How to Deploy Qwen3.5-35B-A3B with vLLM
Younes El Hjouji
Detailed Deployment Instructions
1. Environment Setup
# Create a working directory (choose your preferred location)
# Create virtual environment with Python 3.12
python3.12 -m venv venv
# Activate virtual environment
source venv/bin/activate
# Verify Python version (should be 3.12.x)
python --version
# Upgrade pip
pip install --upgrade pip
# Install vLLM nightly (REQUIRED — Qwen3.5 is not yet in stable vLLM)
# Option A: Using uv (faster)
pip install uv
uv pip install vllm --torch-backend=auto --extra-index-url https://wheels.vllm.ai/nightly
# Option B: Using pip directly
pip install vllm --extra-index-url https://wheels.vllm.ai/nightly
# Install video support
pip install 'vllm[video]'
2. Launch Deployment
# Make sure you're in your working directory and activate virtual environment
source venv/bin/activate
# Launch vLLM serve
vllm serve Qwen/Qwen3.5-35B-A3B \
--dtype bfloat16 \
--max-model-len 16384 \
--max-num-batched-tokens 16384 \
--gpu-memory-utilization 0.90 \
--port 8000
Note: First model download takes ~5-10 minutes. First inference request triggers CUDA graph compilation which takes ~4-5 minutes.
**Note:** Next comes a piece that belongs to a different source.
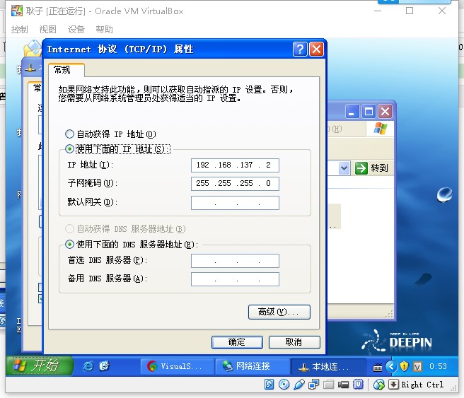 设置我们刚才看到的地址(192.168.137.1),我设定的是 192.168.137.2 在一定的范围中就行了

Subsequent requests are fast (~0.1s for text).
3. Verification
3.1. Check server is running:
curl http://localhost:8000/v1/models
3.2. Test text inference:
curl http://localhost:8000/v1/completions \
-H "Content-Type: application/json" \
-d '{
"model": "Qwen/Qwen3.5-35B-A3B",
"prompt": "Hello, how are you?",
"max_tokens": 50
}'
3.3. Test video inference:
VIDEO_BASE64=$(base64 -w 0 /path/to/your/video.mp4)
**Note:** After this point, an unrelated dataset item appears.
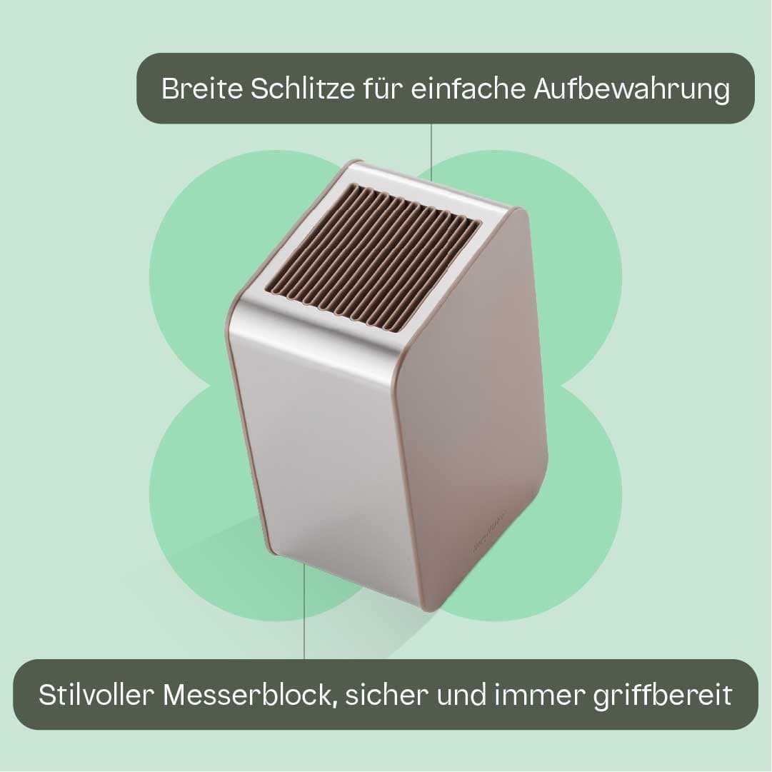 Antypoślizgowy i stabilny: Antypoślizgowa podstawa zapewnia maksymalną stabilność podczas wyjmowania lub wkładania noży. Niezawodny uchwyt na noże i akcesorium kuchenne, które łączy bezpieczeństwo i komfort.

time curl http://localhost:8000/v1/chat/completions \
-H "Content-Type: application/json" \
-d "{
\"model\": \"Qwen/Qwen3.5-35B-A3B\",
\"messages\": [{
\"role\": \"user\",
\"content\": [
{
\"type\": \"video_url\",
\"video_url\": {
\"url\": \"data:video/mp4;base64,\$VIDEO_BASE64\"
}
},
{
\"type\": \"text\",
\"text\": \"Describe the user actions in this video in a sequential list.\"
}
]
}],
\"max_tokens\": 1024
}"
Verified Results:
- Text inference: Working. Response in ~0.14s (warm).
- Video inference: Working. video.mp4 (6s clip) processed in ~9.7s, 1024 tokens generated.
- Video output correctly identified soccer player (Wayne Rooney), actions (clapping, shouting), setting (green field), and temporal sequence.
4. Troubleshooting
Issue 1: First request takes several minutes
- Solution: This is expected. CUDA graph compilation happens on the first request. Subsequent requests are fast.
Issue 2: Requires vLLM nightly
- Solution: Qwen3.5 architecture (
qwen3_5_moe) is only supported in vLLM nightly builds. Install fromhttps://wheels.vllm.ai/nightly.
5. Notes
- This is a MoE model: 35B total parameters but only 3B active per token. Despite the large total parameter count, inference is efficient.
- GPU memory is high (~131GB) because all 256 expert weights must be loaded, even though only 8+1 are active per token.
- The model uses a novel hybrid attention mechanism (Gated DeltaNet + Gated Attention) which provides faster inference on long contexts compared to standard Transformer attention.
- The model naturally produces
<think>reasoning traces in completions. This is expected behavior. - Chunked prefill is automatically enabled with max_num_batched_tokens=16384.